Maize Bran Particle Size Governs the Community Composition and Metabolic Output of Human Gut Microbiota in in vitro Fermentations.

Differences in the chemical and physical properties of dietary fibers are increasingly known to exert effects on their fermentation by gut microbiota. Here, we demonstrate that maize bran particle size fractions show metabolic output and microbial community differences similar to those we previously observed for wheat brans. As for wheat brans, maize bran particles varied in starch and protein content and in sugar composition with respect to size.
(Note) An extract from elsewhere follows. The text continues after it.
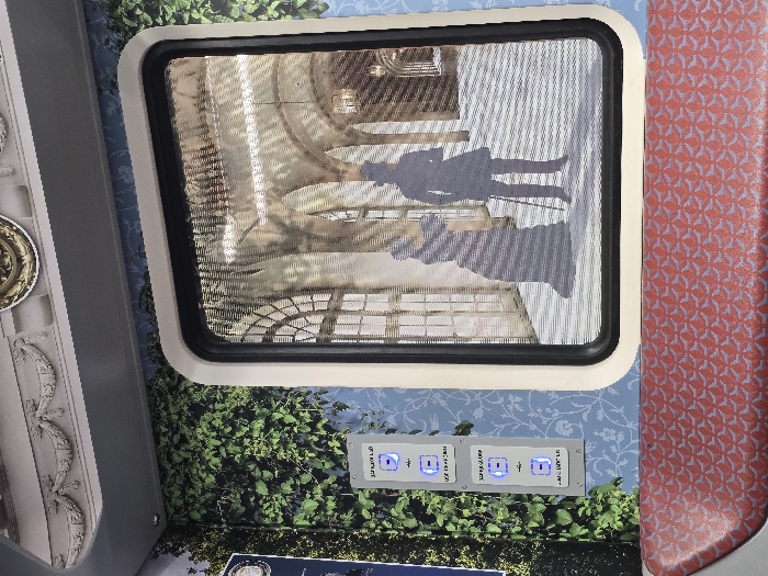 The image depicts the interior of a subway car in Saint Petersburg, Russia. The scene is illuminated by overhead light, casting soft shadows. The upper wall section is light grey with decorative white plaster molding featuring acanthus leaf motifs and a central gilded roundel. Below this, the wall transitions to a green ivy pattern on the left, moving into a light blue wallpaper with a delicate white floral and vine pattern. A large, vertical rectangular window with rounded corners is centrally framed in cream, sealed with black rubber. This window displays an illuminated interior scene: a long, grand hall or gallery with tall arched windows on the left and a vaulted ceiling supported by columns, creating deep perspective. Two dark, opaque silhouettes of individuals are present within this scene. The figure on the left is female, wearing a long dress. The figure on the right is male, dressed in a long coat and top hat, holding a walking stick in his right hand. Both figures face away from the viewer, positioned centrally within the hall. Horizontal striations are visible across the entire displayed scene within the window. To the left of the window, a vertical panel with four rectangular buttons, each illuminated blue, is mounted on the blue patterned wall. The bottom of the frame shows the top portion of a red patterned seat, featuring a repeating light blue geometric design.
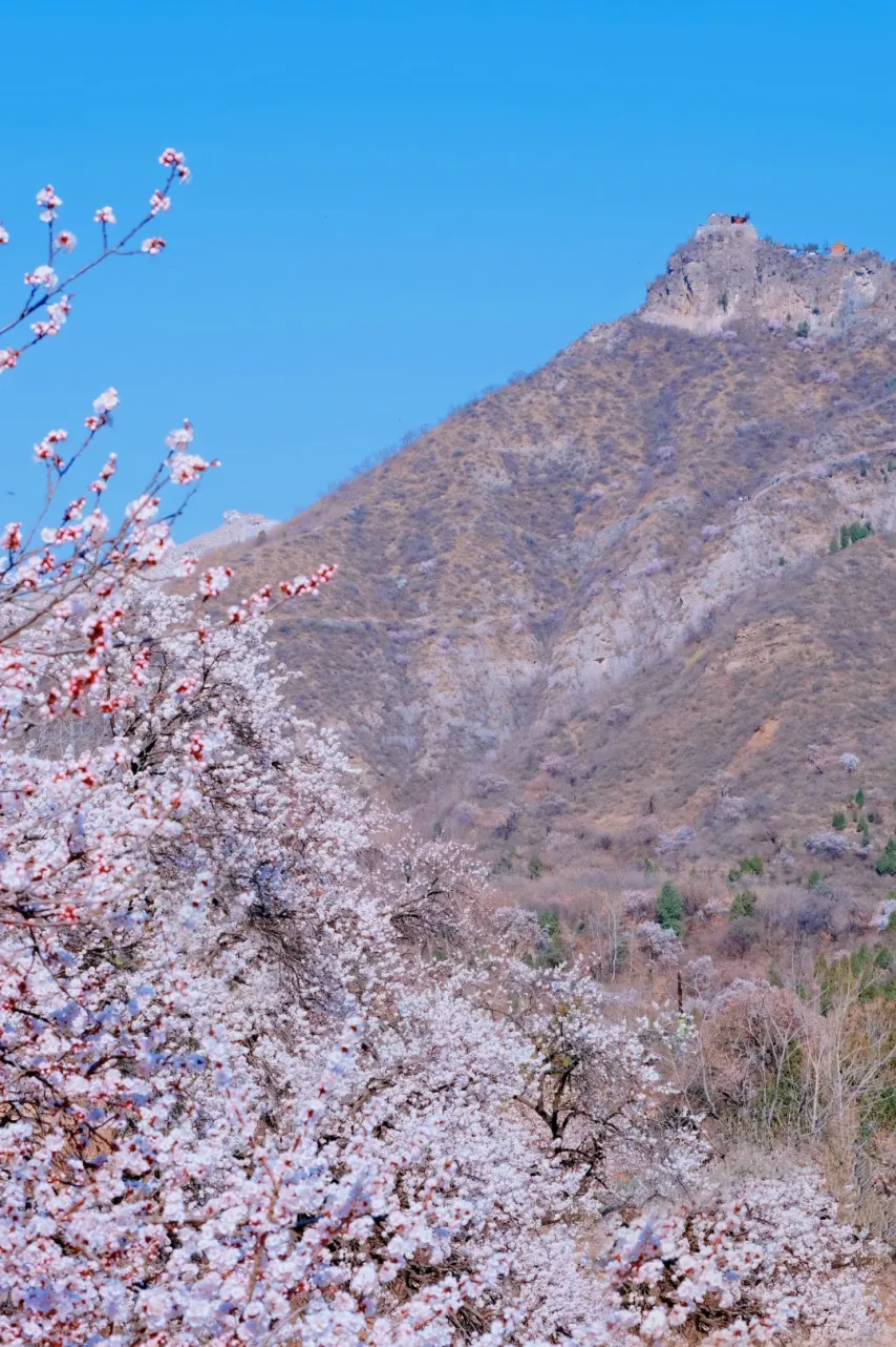 先说秋沟——这里被誉为“春赏桃花的最佳目的地”之一。3月中下旬,满山遍野的桃花、杏花竞相绽放,将太行山装点得格外温柔。粉的、白的、浅红的,层层叠叠,从山脚蔓延到山顶,如同为山峦披上了一件五彩的霞衣。

We fermented maize bran particles varying in size in vitro with human fecal microbiota as inocula, measuring their metabolic fate [i.e., short-chain fatty acids (SCFAs)] and resulting community structure (via 16S rRNA gene amplicon sequencing). Metabolically, acetate, propionate and butyrate productions were size-dependent. 16S rRNA sequencing revealed that the size-dependent SCFA production was linked to divergent microbial community structures, which exerted effects at fine taxonomic resolution (the genus and species level). These results further suggest that the physical properties of bran particles, such as size, are important variables governing microbial community compositional and metabolic responses.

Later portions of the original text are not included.